● **Problem statement**
Skip the pictures and retype exactly the lines from the one holding "Beim Menü „Steak" through the end of the entries.

● **Data for this exercise**

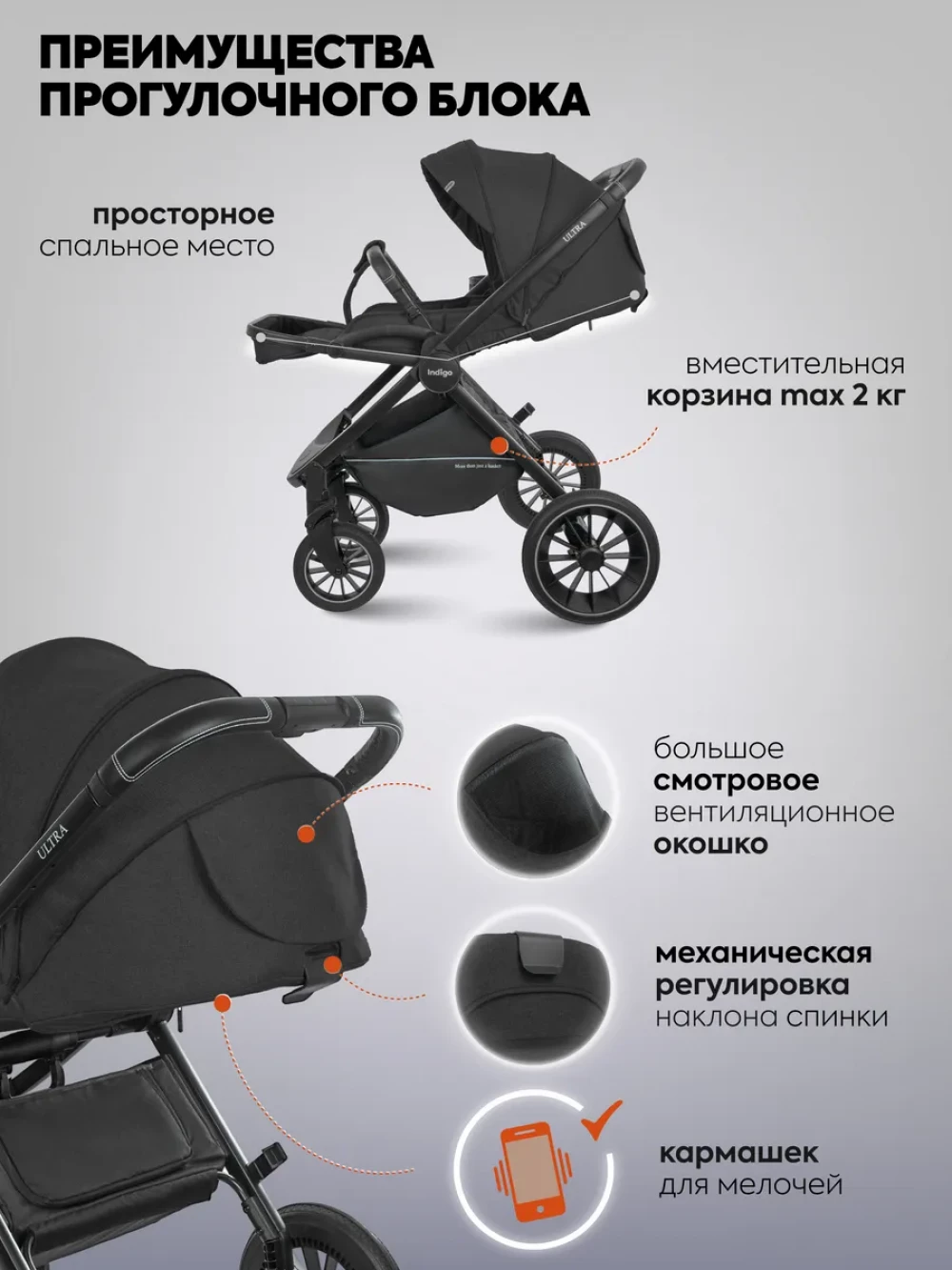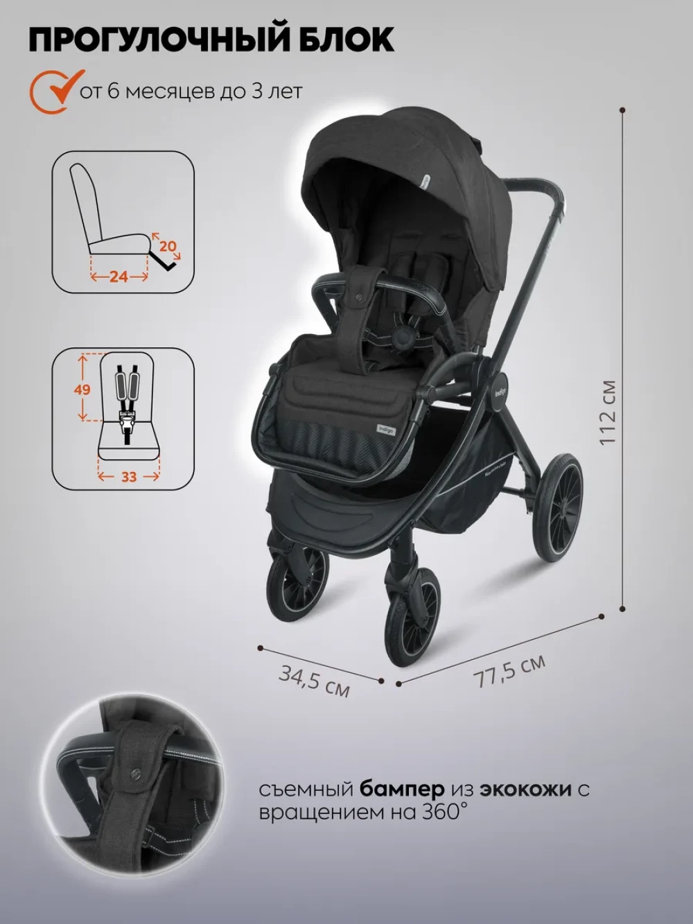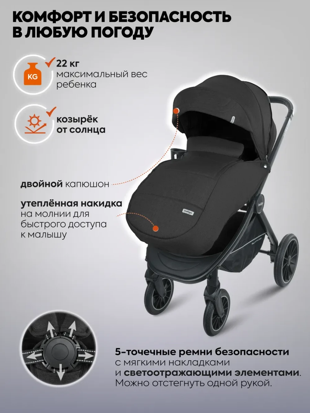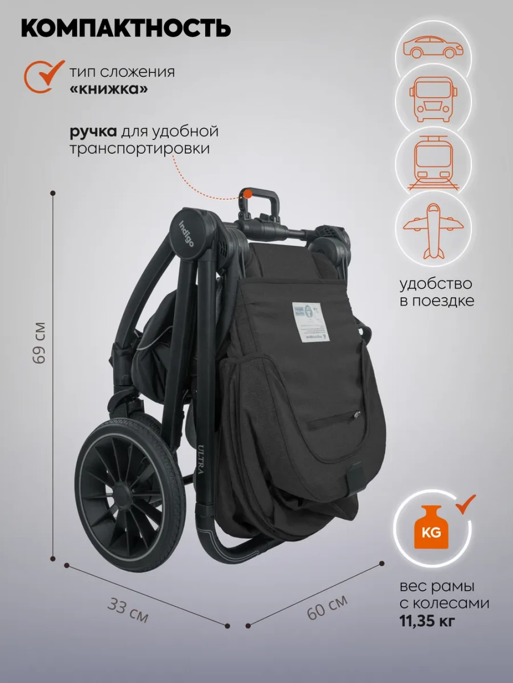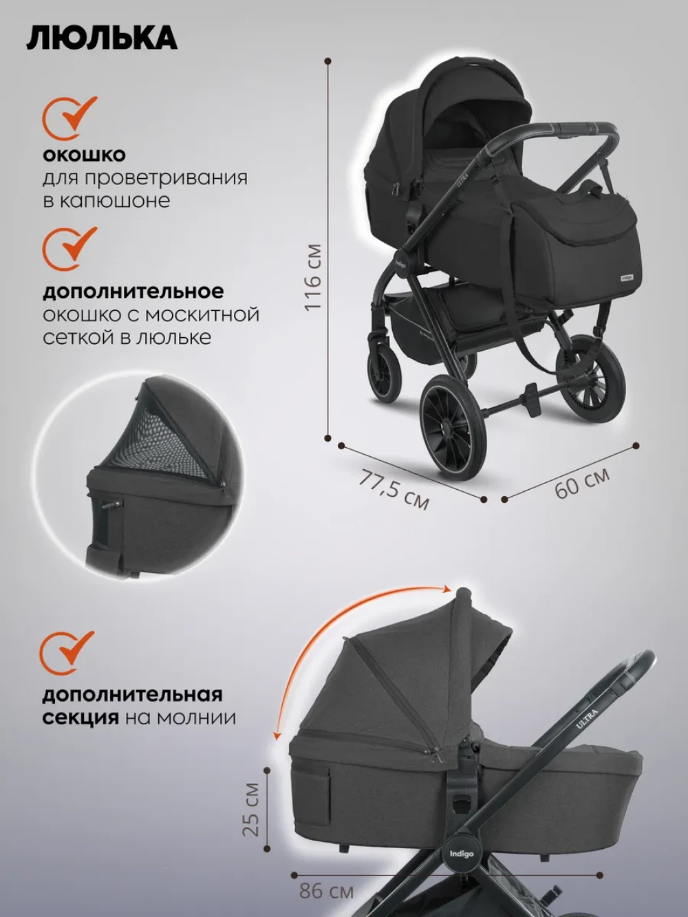 Коляска 3 в 1 Indigo Ultra черный
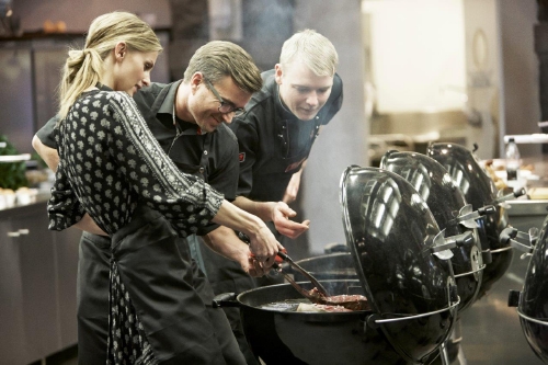 Beim Menü „Steak & Burger“ kommen ein Philly Cheesesteak mit Hühnchen, Koteletts und Karree vom Schwein mit Süßkartoffel-Smashed Potatoes und gefüllten Tomaten sowie wahlweise ein T-Bone Steak mit Räuchersalz oder ein Brie- und Bacon-Burger mit Gemüsechips auf den Rost. Zum Nachtisch lockt ein süßer Burger.
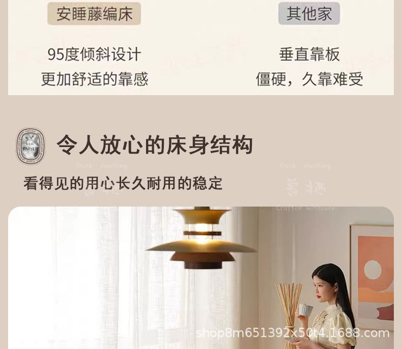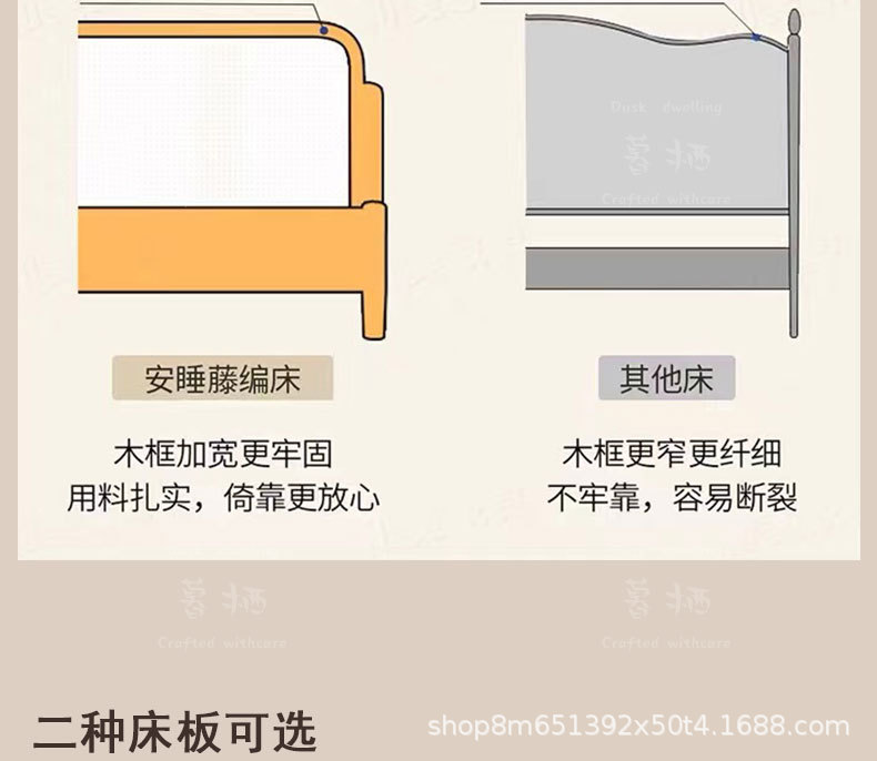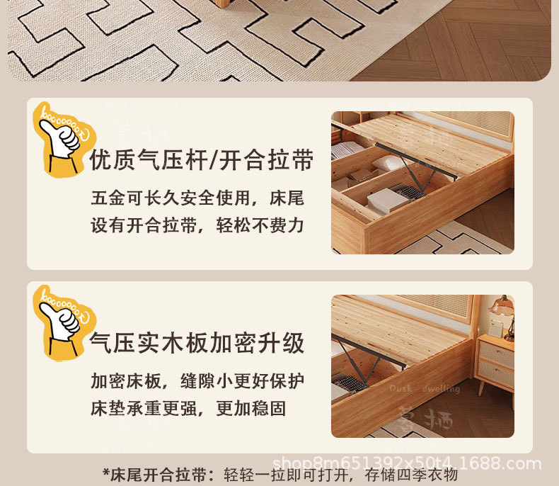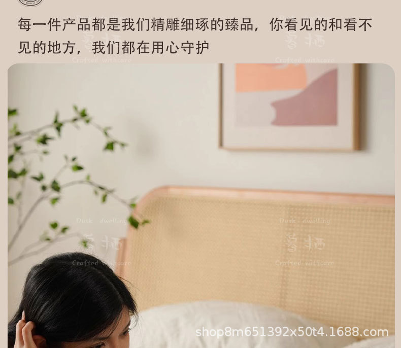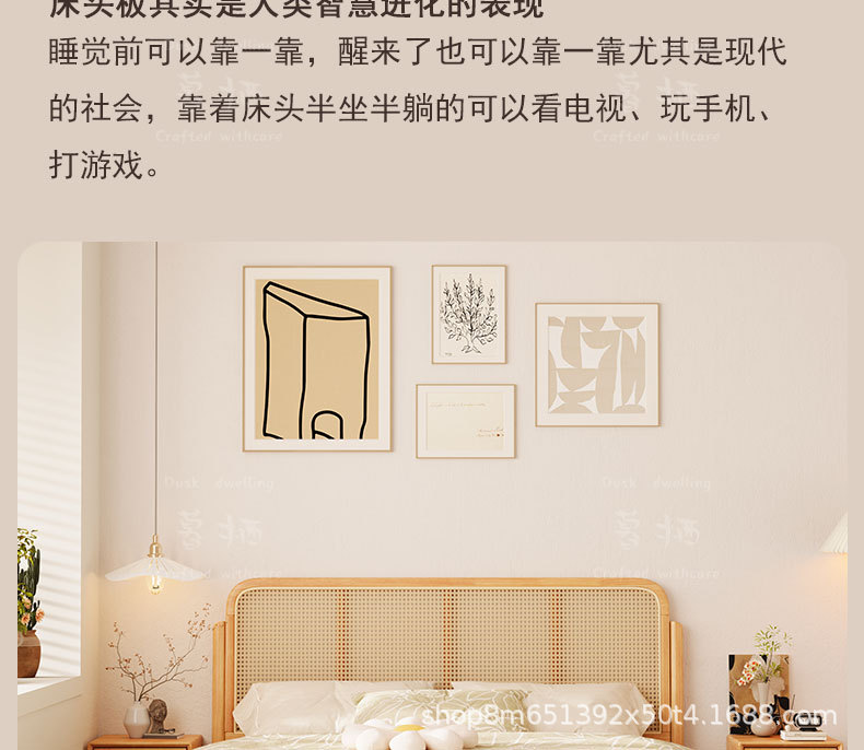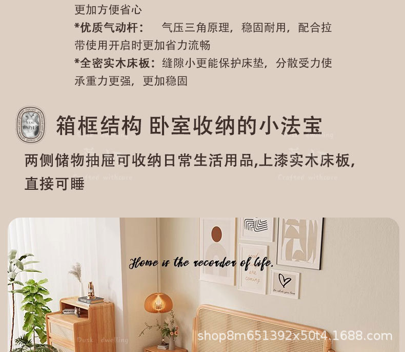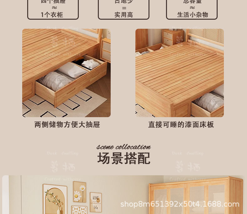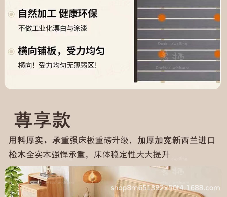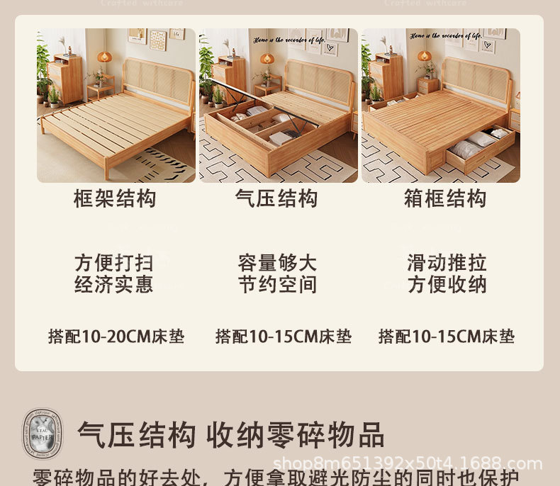 일본식 원목 침대 1.5m 마스터 침실 더블 침대 1.8m 등나무 침대 작은 아파트 1.2m 복고풍 B&B 침대스토어 가기
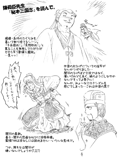 仲達のおひげのところで、「関羽のひげは剛毛」とも(笑)
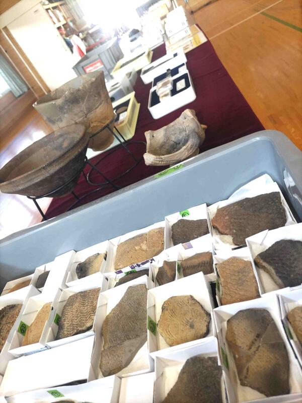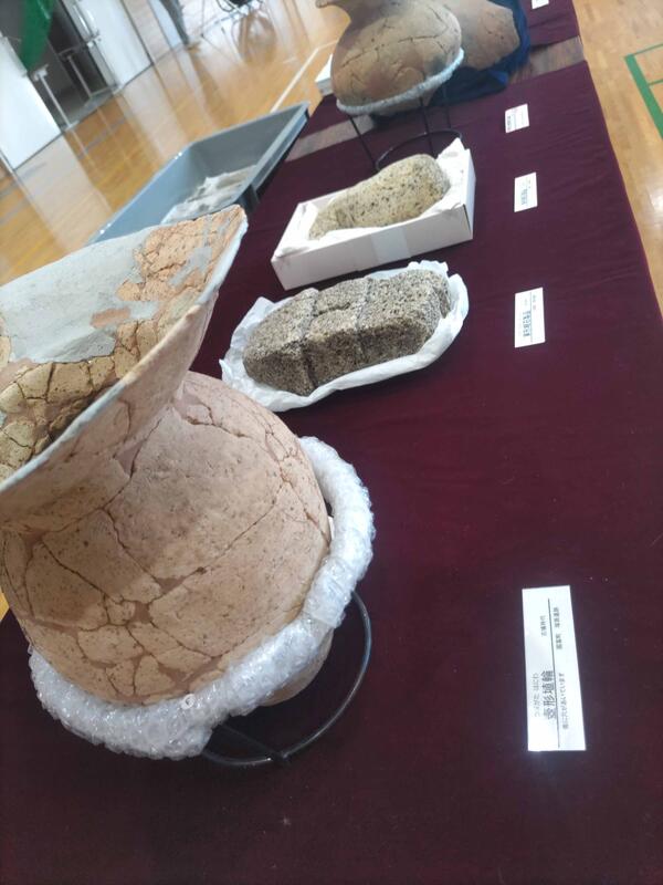 塚原遺跡や六野原古墳群などを紹介していただき、実際に出土した遺物も展示・解説していただきました。

● **Written reply**
 Beim Menü „Steak & Burger“ kommen ein Philly Cheesesteak mit Hühnchen, Koteletts und Karree vom Schwein mit Süßkartoffel-Smashed Potatoes und gefüllten Tomaten sowie wahlweise ein T-Bone Steak mit Räuchersalz oder ein Brie- und Bacon-Burger mit Gemüsechips auf den Rost. Zum Nachtisch lockt ein süßer Burger.
 일본식 원목 침대 1.5m 마스터 침실 더블 침대 1.8m 등나무 침대 작은 아파트 1.2m 복고풍 B&B 침대스토어 가기
 仲達のおひげのところで、「関羽のひげは剛毛」とも(笑)
 塚原遺跡や六野原古墳群などを紹介していただき、実際に出土した遺物も展示・解説していただきました。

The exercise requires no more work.